The benchmark (`docs/benchmark-spec.json`) contains 15 cases across 5 families:

| Family | Description | Cases |
|--------|-------------|-------|
| `knowledge_internalization` | Repeated explanation failures → reusable knowledge | 3 |
| `tool_internalization` | Repeated manual workflows → deterministic tool | 3 |
| `skill_internalization` | Repeated output-structure failures → reusable skill | 3 |
| `governance_stress` | Duplicate/superseding candidates that pressure policy | 3 |
| `provider_transfer` | Cross-provider cases testing model-agnostic reuse | 3 |

Benchmark backend is deterministic — no API calls required.

## Key Design Decisions

**Gap detection** uses a weighted combination of five signals (repeated_failures 0.35, evaluation_failed 0.25, novelty 0.20, uncertainty 0.10, user_corrections 0.10) with a threshold of 0.65 to prevent single-failure noise from triggering synthesis.

**Overlap scoring** combines domain match (0.4), type match (0.2), trigger Jaccard (0.2), and content-token Jaccard (0.2) into a single score that feeds into four verdict levels: duplicate_risk, likely_supersedes, moderate_overlap, low_risk.

**Layered policy resolution** applies specificity ordering: impact verdict rules override carrier-type rules, which override provider rules, which override domain rules, which override defaults.

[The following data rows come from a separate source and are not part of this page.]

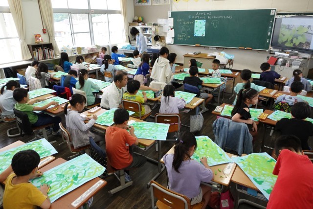 上:1A 図工 昨日練習した絵も、今日から本番です。どの子も上手に蔓が描けています。蔓を描いた上にアサガオの葉を描きます。そして、最後に花を貼り付けて完成です。みなさんいい感じに描けていますよ!完成が楽しみです♪
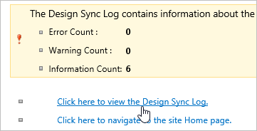 The Design Sync Log informs you about the main changes that were made and any issues that the sync raised.
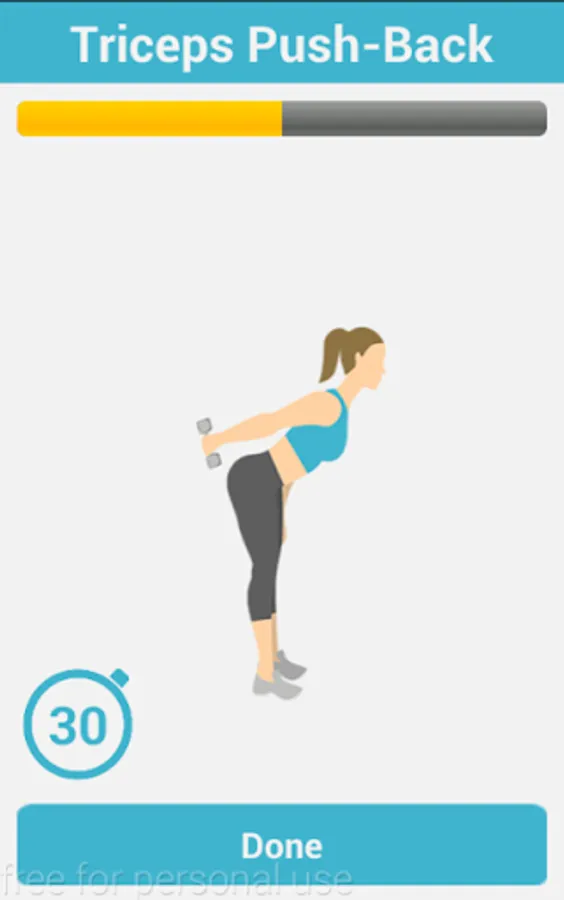 Women's Arm Exercises is a great 5 to 10 minute daily arm, chest and shoulder routine that steps you through some of the best upper body exercises you can do in the comfort of your own home. The routine's simple interface, complete with animation and timer, allows you to easily follow along and understand each exercise.
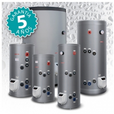 Depósitos de acero inoxidable AISI 316-L y serpentín corrugado también de acero inoxidable AISI 316-L, que debido a las turbulencias que genera el tubo corrugado y la gran superficie de intercambio del mismo, proporcionan el máximo caudal de ACS continuo con una fuente de calor externa procedente de caldera, captadores de energía solar térmica o equipos de aerotermia o geotermia.
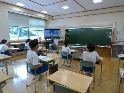 1年生は、英語の授業に取り組んでいます。予行練習後のためか、やや疲れているように見えましたが、教科書にある紹介文について、先生からの質問に積極的に答えています。
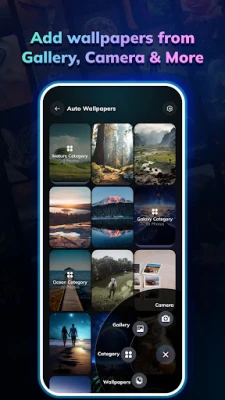 • Add Wallpaper: Choose a category, use your own gallery image, or capture image with the camera option to add as wallpaper on your Home Screen. Wallpapers change based on your selected time interval (e.g., every 5 minutes). You can also enable double-tap or unlock detection to change the wallpaper automatically.
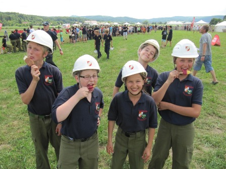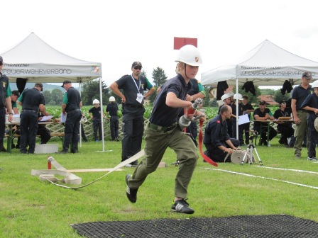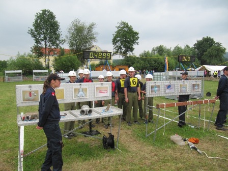 Nach der ersten Nacht im Zeltlager war am Freitag Vormittag Gruppenbewerb um das Leistungsabzeichen in Bronze angesagt. Die von Jugendbetreuer Peter Beisteiner und seinem Betreuerteam gut vorbereitete Gruppe legte auf der Hindernisbahn gleich mit einer Top-Zeit von 49,6 sek. - fehlerfrei vor. Nach einem gutem Staffellauf mit 73,84 sek., ebenfalls fehlerfrei, war bereits Bewusst, dass man mit dieser Leistung ganz weit vorne im Ergebnis zu finden sein wird.

The `operations` domain and `tool` carrier type receive stricter default thresholds.

## Reproducibility

Experiment runs are archived with full result logs:

```bash
python -m agent experiment run --benchmark docs/benchmark-spec.json
# Output: docs/results/YYYY-MM-DD/HHMMSSZ/report.json + results.csv
```

## License

CC BY 4.0 — same license as the PeerJ publication.